Show-don't-tell is important from the author's perspective, but this is obviously from the point of view of a third party. The conversational tone, almost casual campground-tale style of telling, is the key indicator here.
#2598 · 2
· on A Long Came A Spider · >>Orbiting_kettle >>Not_A_Hat >>horizon
>>horizon >>Orbiting_kettle >>Not_A_Hat

My usual writing style consists of having several ideas, discarding all but the strongest, and editing it down three times as long as initially getting it on the page.

This one I wrote in its entirety in fifteen minutes, without a single editing pass, knowing it was a terrible execution of a lacklustre idea, because I was very mentally unwell and became a being composed almost entirely of self-spite, the day I wrote my entries. It was an intentional decision at the time, because a lot of my close friends call me a perfectionist and that I don't enjoy writing for the sake of writing, so I went Ah Ha! I'll show them what happens when I do that! I'll show them all!

And forgot I was actually kind of sort of showing a lot more people than I intended with that declaration.

But you guys I super respect and now I made you go ahead and read this ill-conceived experiment, so I'll leave you with this instead, if you haven't heard me say it already.
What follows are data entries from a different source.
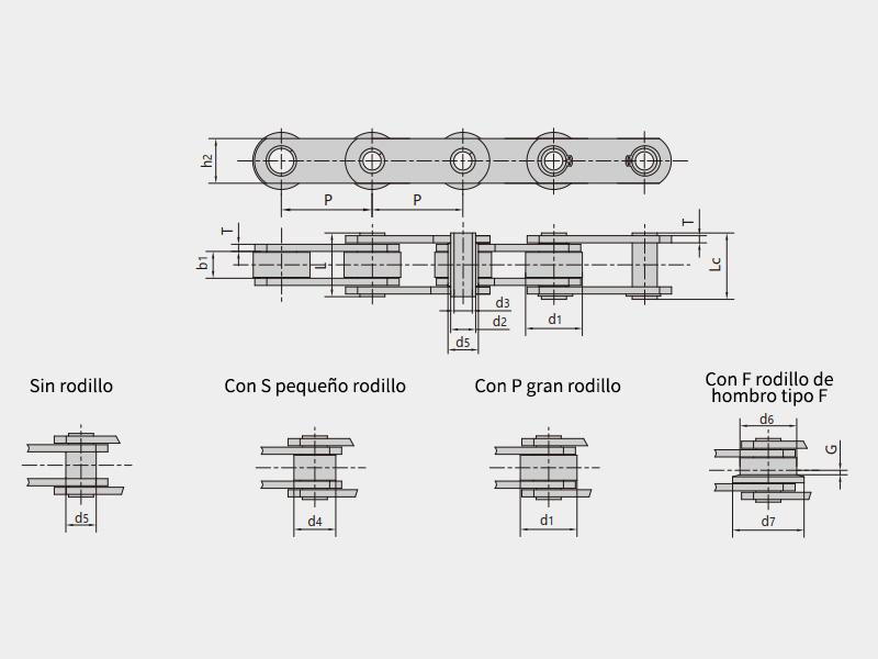 | Con rodillos en forma de S | Rodillo grande P | Rodillo de hombro tipo F |
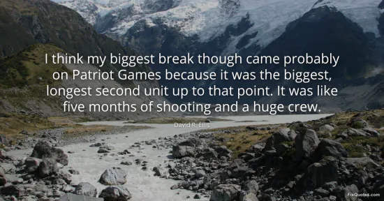 Ellis, David R. "I think my biggest break though came probably on Patriot Games because it was the biggest, longest second unit up to that point. It was like five months of shooting and a huge crew." FixQuotes. January 17, 2026. https://fixquotes.com/quotes/i-think-my-biggest-break-though-came-probably-on-56630/.
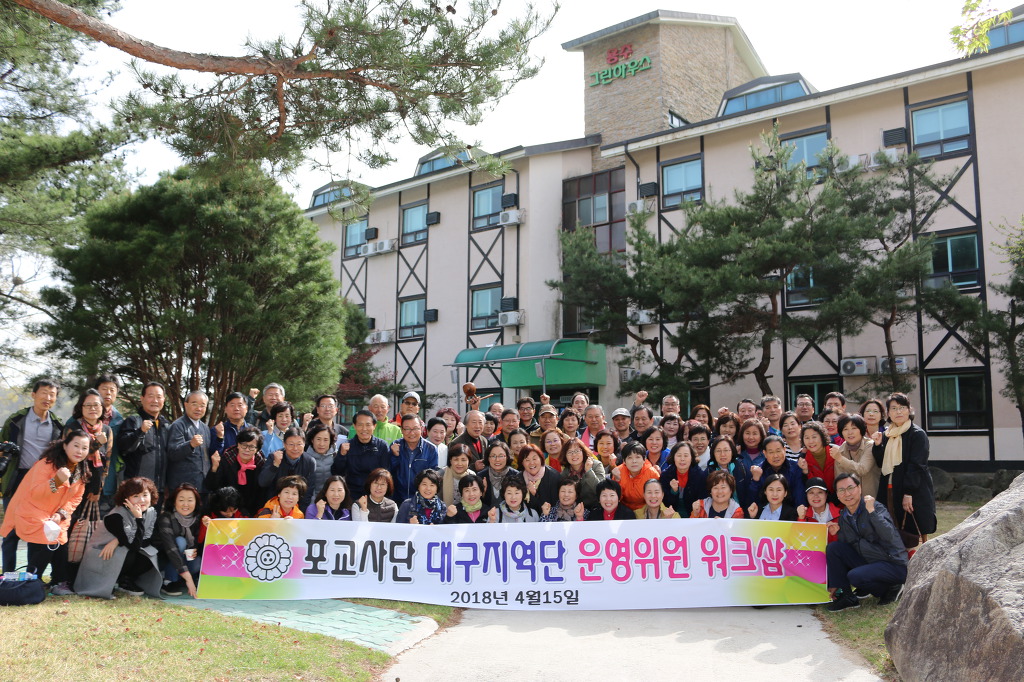 - [대구] 포교사단 대구지역단에서는 『2018년 제4차 운영회의』가『운영위원 워크샵』을 겸하여 2018년 4월 15일에 성대하게 진행되었습니다.전날까지 내리던 봄비가 말끔히 그친 맑은 봄날씨에 팀총무 이상의 소임자79명이 동참하였습니다. 전세버스 2대에 분승하여 대구를 떠난 포교사들은오전에 해인사(원당암, 홍제암) 참배와 자유시간을 마친 후 경남 함양으로 이동하여『용추그린하우스』(방창덕 단장님 운영업체) 에서 운영회의와 워크샵을 가진후화기애애한 단합의 시간을 가졌던 뜻깊고 행복한 하루였습니다.이날 대구지역단 향천 방창덕 단장님과 전임 단장 소임을 맡으셨던 권대자 고문님,김상수 고문님, 이용우 고문님 및 박만일 고문님이 참석하셔서 자리를 더욱 빛내주심과 아울러 많은 찬조금을 보시해 주셨습니다.워크샵에서 단장님과 고문님들께서들려주신 좋은 말씀을 아래에 간략히 메모해서 올립니다.▣ 방창덕 단장님 : 중국 고승의 허운화상(1840~1959)님은 19세때 출가하여법랍101세, 세수 120세로 입적하셨는데 가장 최근의 생불이라 할 수 있는조사님입니다. 이 분의 하신 말씀중 성불의 조건 네 가지는'인과를 굳게 믿어라' ,'계율을 엄히 지켜라 (계에서 정, 정에서 혜로 나아간다)', '신심을 굳게 가져라' ,'수행의 문(門)을 정하라' 등 입니다. 우리는 도를 이루는 생활을 이어가야 합니다.우리 포교사들은 도를 이루는 그날까지 열심히 수행, 정진하도록 합시다.▣ 김상수 고문님 : 어떠한 수행도 마음에 어두운 그늘을 가지면 나아가지 못합니다.그러하니 우리는 누구를 미워하거나 부정적인 마음을 떨쳐 버려야 합니다.▣ 이용우 고문님 : 포교사의 길은 바로 수행의 길입니다. 가장 효율적인 포교의 길은팀활동을 열심히 하는 것입니다.▣ 박만일 고문님 : 작년에 경북지역단이 분단하기 이전에는 대구지역단의 소속포교사가 900명이 넘었고 전국에서 가장 규모가 큰 지역단이었습니다. 여러가지 힘든일들을 슬기롭게 극복해 왔습니다. 더욱 열심히 하여 대구지역단이 발전하도록 최선을 다합시다.※(1) 이날 워크샵에서는 향천 단장님의 주재와 가호 김효순 포교사님의 집전으로 포교원에서 제정한 《포살법회 의식집》을 기준으로 하여 최초로 첫 시험 법회를 시연 봉행하였습니다.※(2) 더 자세한 내용은 대구지역단 카페를 방문해 주시면 대단히 감사하겠습니다.

This writeoff was, for me, the literary equivalent of waking up with a hangover and discovering you had cooked drunk the night before, baked inebriated and sauteed while sozzled. You do not know how the eggs got up on the ceiling, you do not know why you thought combining Italian food and Mexican was a good idea at the time, and then, and then, after finally surveying the mess that is the kitchen, you turn around and find immaculate dinnerware set up, and realize you had planned on entertaining.

The idea that some people actually showed up is as of yet inconceivable. That two attempts made the finals is equal measures baffling and mortifying.